The delta variant replaced the alpha variant in England with a higher HSAR [26]. A meta-analysis showed that the overall HSAR was 29.7% for delta [12]. The omicron variant has a shorter incubation period and a shorter serial interval [27,28]. Also shorter may be the generation time, which might increase the growth rate of this variant, leading it to replace other variants. Given the increased transmissibility and low case fatality rate [5] of the omicron variant in Japan, it might be necessary to discuss the regulations on preventive interventions and coexisting with the virus in Japan.
During the omicron variant-dominant period, the HSAR was significantly lower for the household contacts of a completely vaccinated index patient than for the household contacts of unvaccinated index patients, with a VE of 41% for the infectee; this is VE against infection and not against severity. The vaccination of the index patient might protect household contacts. In preceding literature, vaccination was associated with a reduction in transmission of the alpha and the delta variants [29]. Parental vaccination confers substantial protection on unvaccinated children in the household [30]. Viable delta variant virus was detected for a notably longer duration in partially vaccinated and unvaccinated individuals compared with fully vaccinated individuals [31].
While the HSAR was lower for completely vaccinated household contacts than for other contacts, aRR was not significantly lower. However, the vaccination of contacts and the vaccination of index patients were significantly related, and the Mantel–Haenszel chi-squared test showed lower HSAR for vaccinated contacts. Therefore, the lower HSAR for the contacts of vaccinated index patients might be partially confounded by the vaccination of household contacts. A study in Japan reported that the VE in January 2022 was 49% for symptomatic patients who had received the first series of vaccinations 4–6 months earlier and was 53% for symptomatic patients who had received the first series of vaccinations more than 6 months earlier [32]. In another study, the VE for symptomatic patients aged 16–64 years in January–February 2022 were 43% and 32% among those with the first series of vaccination administered 91–180 days and >181 days ago, respectively [33].
Previous studies of the VE for the omicron variant showed lower protection of the primary series COVID-19 vaccines against symptomatic disease and infection than has been observed for other VOCs [3,17,18]. Most of the participants had been vaccinated 3–6 months earlier during the study period [25]. Therefore, the attenuation of immunity during the omicron variant-dominant period might be due to the time elapsed after vaccination completion or the increased immunological resistance of the omicron variant. A meta-analysis showed there was no significant difference in comparing HSAR between unvaccinated and fully vaccinated contacts for omicron, although HSAR for all variants combined was significantly higher for unvaccinated than for fully vaccinated contacts [12].

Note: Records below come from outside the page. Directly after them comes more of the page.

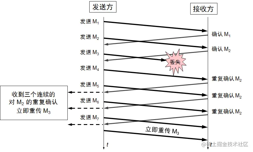 在TCP通信过程中,如果发送序列中间某个数据包丢失(比如1,2,3,4,5中的 3 丢失了)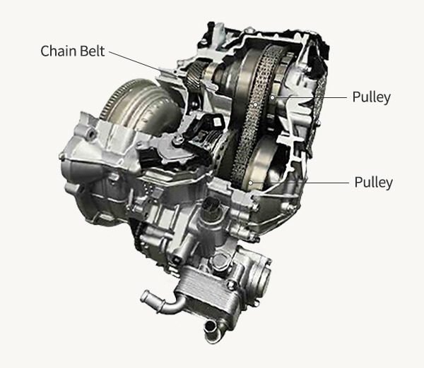 Hộp số biến thiên liên tục (CVT) có cấu trúc trong đó hai puly nối với trục ra của động cơ và trục dẫn động được liên kết thông qua một dây đai. Đường kính của hai puly thay đổi, do đó làm thay đổi tỷ số truyền. CVT có khả năng thiết lập RPM động cơ tối ưu để đạt được công suất và hiệu suất tối đa.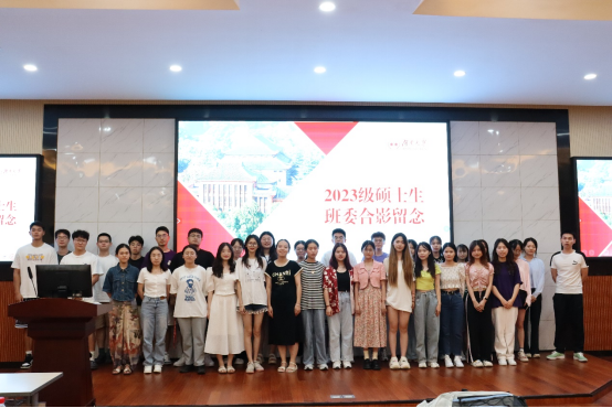 会上,王婕妤老师首先公示了2023级研究生班级班委选举结果,全体班委进行了简短的自我介绍,并合影留念。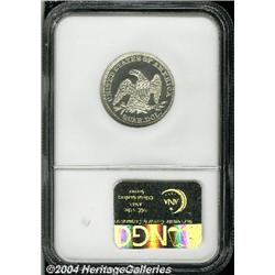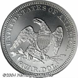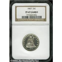 <B>1862<25C> PR67 Cameo NGC.</B></I> This is a Superb Gem Proof example of the No Motto design with fully brilliant obverse and reverse surfaces. Only about 430 Proofs were actually sold in 1862, the balance of the 550 coin mintage being melted. It is the 550 coin figure that continues to be reported in the <I>Guide Book;</B></I> however, we tend to subscribe to Breen's figures in regards to these coins. We offered a similar example in February 2004, when we stated that only two had been certified with none finer. Now that the population indicates four certified, we have to think that this or another was resubmitted a couple times. This is an extremely important opportunity to acquire a rare Proof quarter dollar from the Civil War era. Population: 4 in 67, 0 finer (9/04). <BR><BR><B>Important notice:</B> Heritage usually auctions material at the rate of 200-250 lots per hour. On some occasions eBay Live bid software or the Internet may not be able to keep up with the pace of the auction. We recommend placing a realistic absentee bid now as insurance to avoid disappointment. Occasionally the auctioneer may eliminate or reject an eBay Live bid, and the auctioneer may also reopen a lot after the close of the eBay live bidding (usually because we missed an audience bid), and may reject your bid even if it shows you as the winning bidder. By bidding via eBay Live, you agree that Heritage may award the lot to another bidder at its sole discretion under the circumstances described above or any other reasonable circumstances. Since eBay bids are not shown to us until we open the lot on the floor, we treat those bids just like floor bids. In most cases the floor responds before the eBay bid is presented to us, due to Internet lag time, so for consistency we have made it a policy that floor bids are always considered first over tie eBay live bids. Also please note that all Heritage lots purchased through eBay Live carry a 20% Buyer's Premium. Please make sure you read the Terms and Conditions before you bid.

SARS-CoV-2 omicron-B.1.1.529 led to widespread escape from neutralizing antibody responses [34]. A study in Japan reported that two doses of the BNT162b2 mRNA vaccine did not induce sufficient neutralizing antibodies against the omicron variant compared with other variants [35]. The frequency of CD4+ T cells and CD8+ T cells reactive to peptides covering the mutated regions in the omicron variant decreased compared with the ancestral strain. Released IFN-γ was significantly reduced when cells were incubated with the peptide compared with those of the ancestral strain. However, the overall reactivity to the peptide library of the full-length protein was largely maintained [36]. SARS-CoV-2–specific T cells were detected up to 6 months after all vaccination, and no significant differences were detected between WT- and variant-specific CD4+ or CD8+ T cell responses, including omicron [37].

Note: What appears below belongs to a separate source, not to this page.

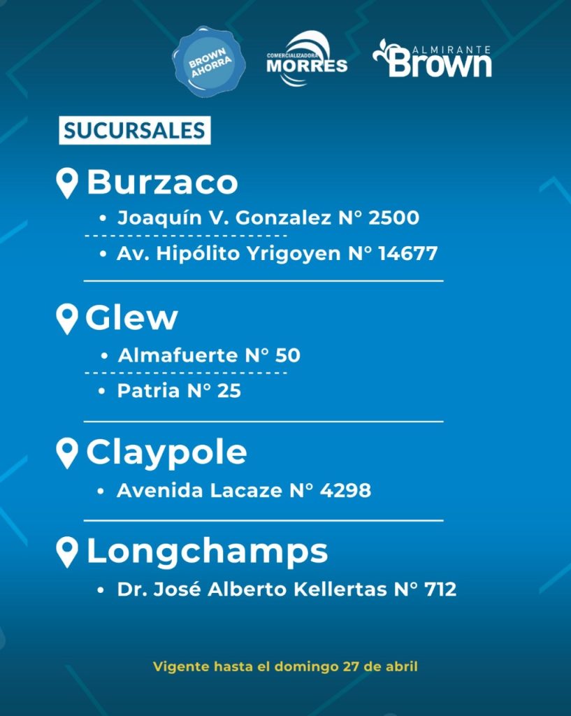 En este sentido, las sucursales disponibles son las ubicadas en Hipólito Yrigoyen N° 14.677 y en Joaquín V. González N° 2500, en Burzaco; Avenida Lacaze N° 4298 de Claypole; Almafuerte N° 50 y sobre la calle Patria N° 25, en Glew; y en José Alberto Kellertas N° 712 de Longchamps, cuya atención es a partir de las 13 horas.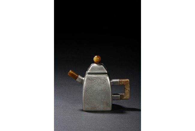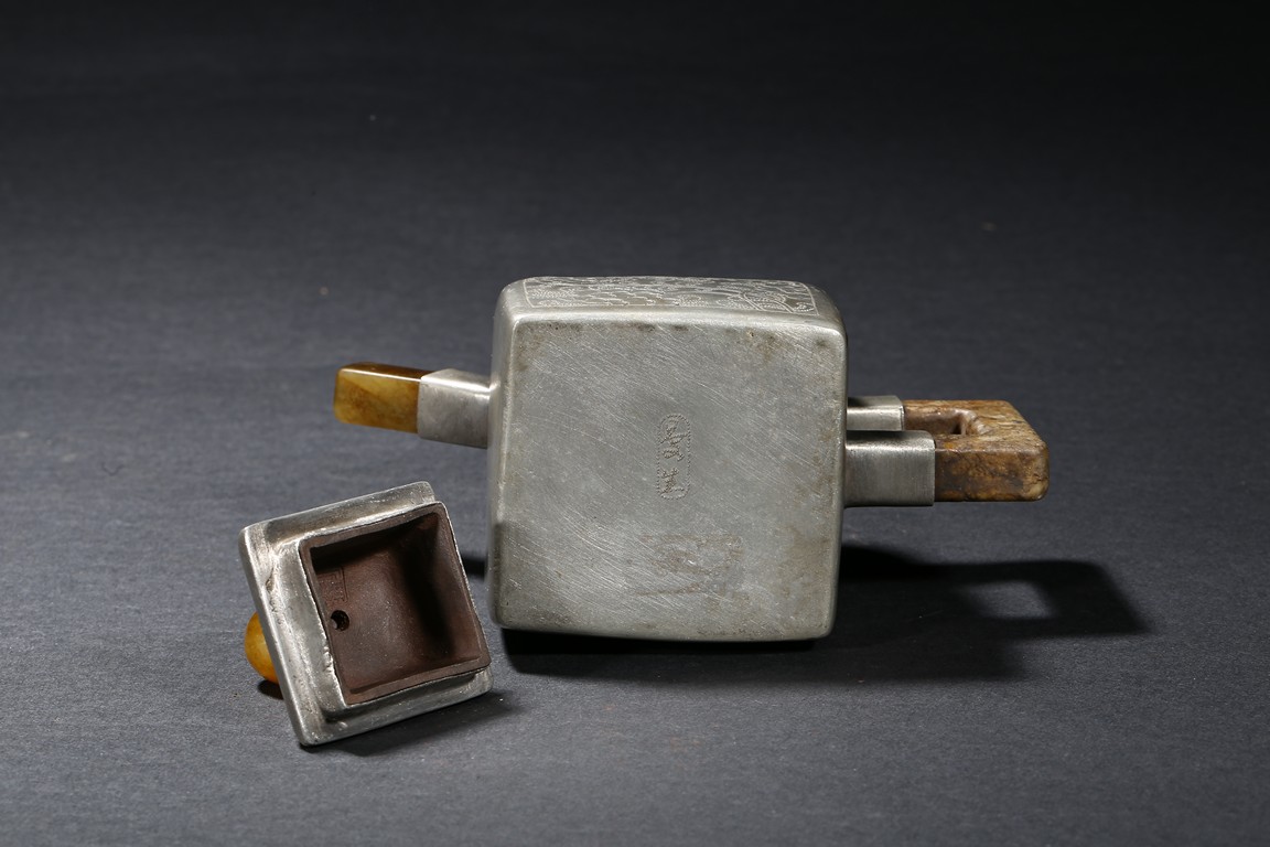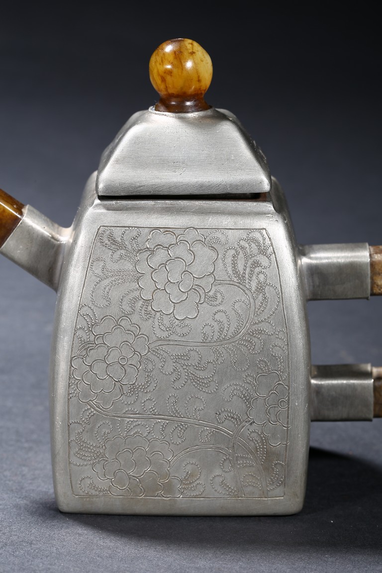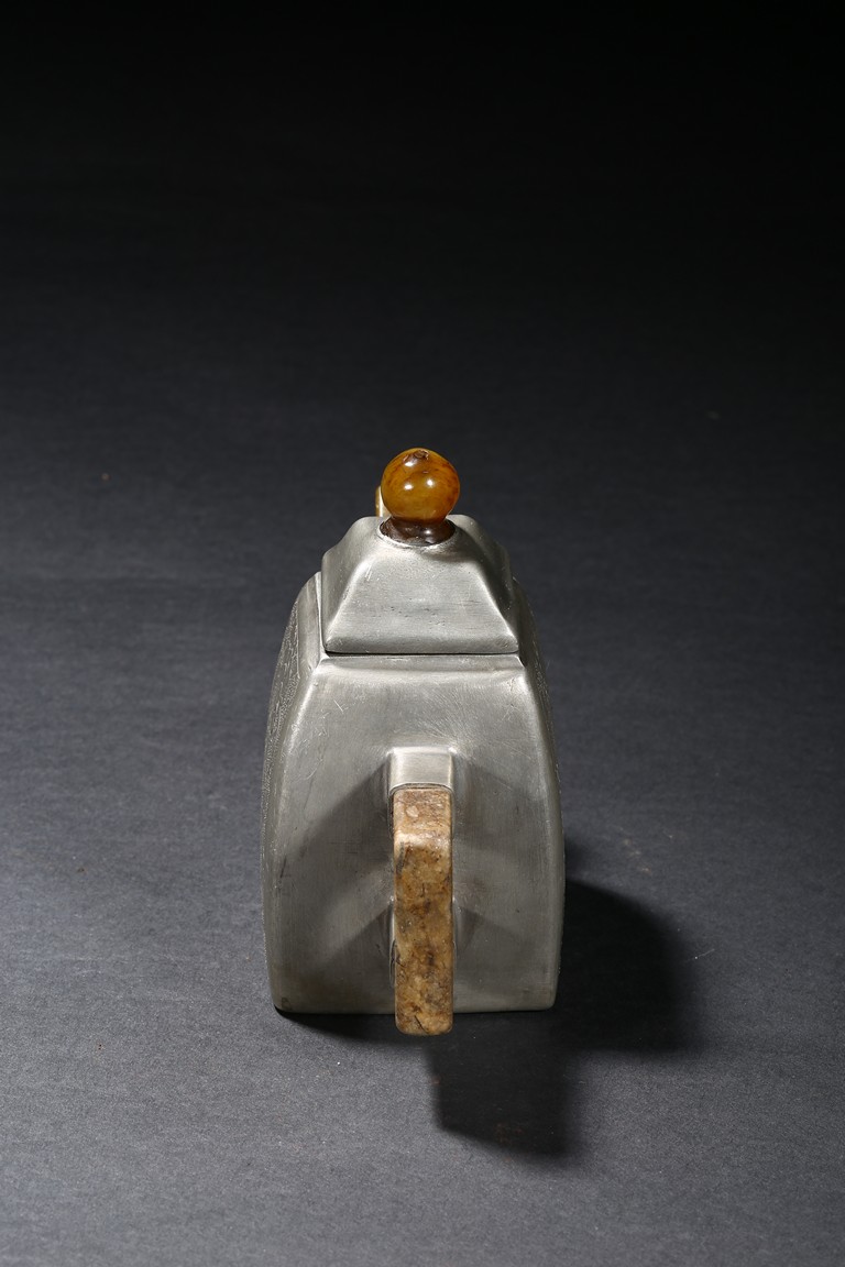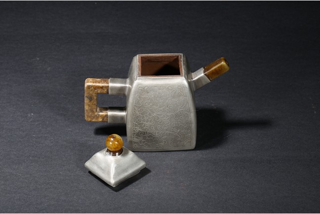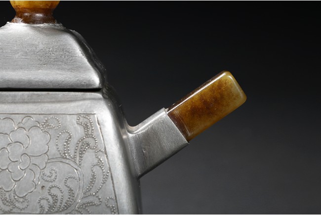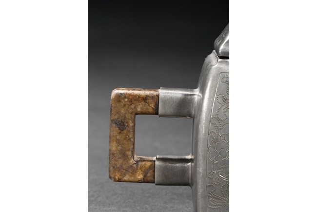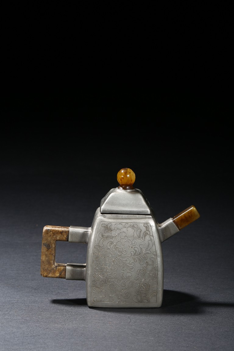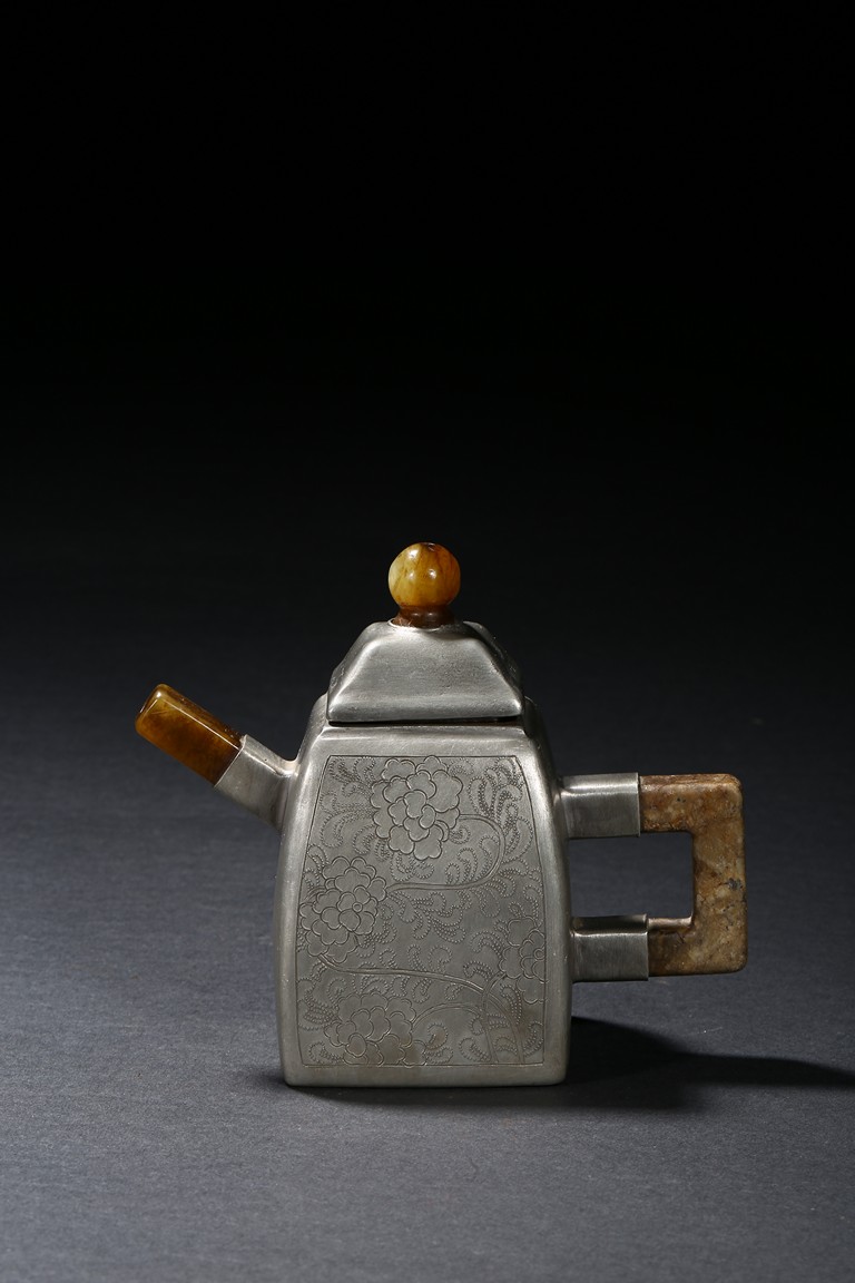 Of a fitted lid, arching handle, and tapered spout all formed partially from carved jade stone, both sides incised to depict dense foliate scroll pattern, base with two character mansheng; the teapot and cover interior bearing square seal marks. Qing Dynasty period.

In the omicron variant-dominant period, the HSAR for female contacts was 36% and significantly higher than for male contacts (26%). To the best of our knowledge, no study has reported a higher HSAR for female contacts of COVID-19 cases infected with the omicron variant or other strains. Although the cause was unclear, women are often a family’s caregivers and would therefore be in close contact with the index case, and the high HSAR might also reflect a change in the ambient transmission route, such as enhancing the aerosol transmission ability of SARS-CoV-2. During the omicron variant-dominant period, home isolation has been common in Japan, and infection precaution measures were not necessarily complete. During home isolation, caregivers should take strict precaution measures in caregiving to patients.
This study had several limitations. First, the index cases could have been misclassified as secondary cases. Second, information might be biased due to the influence of the heavy burden caused by the increase in the number of patients with COVID-19 identified on contact tracing. Lastly, the omicron and delta variants were not confirmed by genome sequencing but were classified by the dominant VOC period, which was determined by detecting the L452R mutation. However, the L452R mutation test results coincided with dominant variants across >90% of samples in Ibaraki Prefecture during both periods, and genome sequencing had a coincidence between the mutation and the detection of the variant in Japan [4,5].
The cumulative incidence of COVID-19 cases was 1% during the study period. A study in February 2022 in Japan showed that 77% of reported COVID-19 patients are N antibody-positive, and 60% of participants with N antibody-positive had a history of being diagnosed as COVID-19 [38]. Further studies evaluating VE for both infector and infectee and transmission dynamics including the generation time of the omicron variant might be necessary.
5. Conclusions
During the omicron variant-dominant period, the HSAR was 31.8%, significantly higher than during the delta variant-dominant period. The HSAR for the omicron variant in the present study can provide useful data for meta-analyses in the future. The HSAR was significantly lower for the household contacts of completely vaccinated index patients than for the household contacts of other index patients, with a VE of 43% for infectee during the omicron variant-dominant period. Vaccination of index patient might protect household contacts, and further studies evaluating VE for both infector and infectee on omicron variant might be necessary. During the omicron variant-dominant period, the HSAR for female household contacts was 36%, which was significantly higher than that for male household contacts (26%).
Author Contributions
Conceptualization, T.O. and H.T.; data collection and curation, E.T., N.O., E.N., Y.O. and A.T.; formal analysis, T.O.; validation, H.T. and K.W.; writing, T.O. All authors have read and agreed to the published version of the manuscript.
Funding
This research received no funding from private, public, or not-for-profit organizations.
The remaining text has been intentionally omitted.